News Column

Britain Doesn't Budge On EU Budget Cuts

Nov. 22, 2012

Britain refused to budge Thursday on its demand for slashing European Union spending, raising fears that a summit starting later in the day will fail to break a deadlock on the bloc's budget for 2014-20.

Britain is threatening to veto talks unless spending is frozen at 2011 levels, which diplomats say would amount to a 200-billion-euro (257-billion-dollar) cut over a 1.09-trillion-euro budget proposed by the European Commission.

As a compromise, EU President Herman Van Rompuy had suggested an 80-billion-euro reduction.

But in pre-summit consultations, Cameron told the EU president that "while the latest proposals were a step in the right direction, they did not go far enough," a British government spokesman said.

Van Rompuy was meeting EU leaders one by one Thursday, before formally opening the summit at 8 pm (1900 GMT).

"We're going to be negotiating very hard for a good deal for Britain's taxpayers and for Europe's taxpayers," the British premier said before the meeting, insisting it was "quite wrong" to exempt the EU from the belt-tightening being applied by national governments.

British demands for austerity are supported by the likes of Sweden and the Netherlands. But they have to be squared with Poland and other Eastern European nations, who are determined to preserve EU subsidies for their poor regions.

"Unfortunately, but the British are our opponents today," Polish Prime Minister Donald Tusk said in Warsaw before flying to Brussels.

Germany, the EU's paymaster, agrees that austerity is needed, but less adamantly than Britain. France and Italy also want to reduce their EU bill, while retaining access to large chunks of agricultural and regional aid.

Paris and Rome are unhappy because they do not benefit from rebates in their contribution to the EU budget, unlike Britain and other net payers such as Germany and Sweden.

"Italy until now has been disproportionally penalized," Prime Minister Mario Monti said, threatening to veto talks unless his country secured more funds. "We will not accept solutions that are unacceptable."

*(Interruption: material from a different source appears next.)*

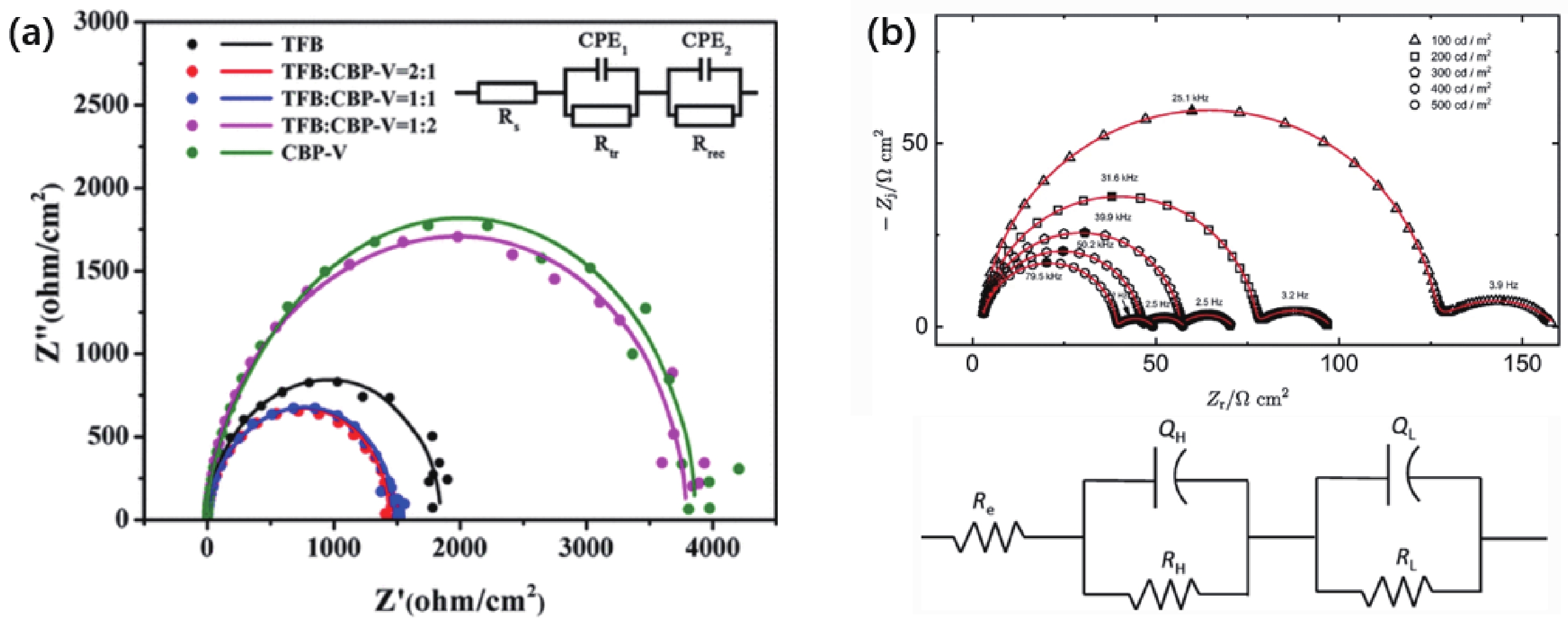 Abstract: Impedance spectroscopy has been increasingly employed in quantum dot light-emitting diodes (QLEDs) to investigate the charge dynamics and device physics. In this review, we introduce the mathematical basics of impedance spectroscopy that applied to QLEDs. In particular, we focus on the Nyquist plot, Mott?Schottky analysis, capacitance-frequency and capacitance-voltage characteristics, and the dC/dV measurement of the QLEDs. These impedance measurements can provide critical information on electrical parameters such as equivalent circuit models, characteristic time constants, charge injection and recombination points, and trap distribution of the QLEDs. However, this paper will also discuss the disadvantages and limitations of these measurements. Fundamentally, this review provides a deeper understanding of the device physics of QLEDs through the application of impedance spectroscopy, offering valuable insights into the analysis of performance loss and degradation mechanisms of QLEDs.

But scrapping the rebate system - which Britain secured in the 1980s after an epic battle by former premier Margaret Thatcher - is another no-go for London and other beneficiaries.

Facing a eurosceptic public opinion and a request by his parliament to go even further and demand a reduction in EU spending, Cameron has limited room to make concessions.

"I cannot imagine how we will be able to convince them, but they will have to let themselves be convinced," Luxembourg Prime Minister Jean-Claude Juncker said, forecasting "very difficult negotiations."

"If some countries just come here and say, 'That's it and full stop,' then probably we will not reach an agreement," Latvia's premier, Valdis Dombrovskis, warned.

Some officials were already bracing for the talks to fail.

German government sources said it would not be "the end of the world" if "a small number of more months" were needed to forge a consensus. Austrian Chancellor Werner Faymann said another summit could be held in January or February.

But Finnish Prime Minister Jyrki Katainen said kicking the can down the road would not help. "I don't believe if you take a time-out it would make things easier," he said, dismissing speculation that EU countries could draw up a budget without London.

Getting a deal through will take "quite long" and the summit will at best finish "very, very late tomorrow evening," Katainen predicted. EU summits normally take place on Thursday and Friday, but staff was alerted to be ready to work at least until Saturday.

Once leaders agree, the European Parliament also has to approve the spending plans. The assembly has threatened a veto of its own if Van Rompuy's cuts are approved, judging them too radical.

Although the money only starts flowing in 2014, a deal is needed beforehand so that regulations on how the funds can be spent can be drafted in time. If the deadline is missed, the EU's budget for 2013 will be rolled over annually, adjusted for inflation.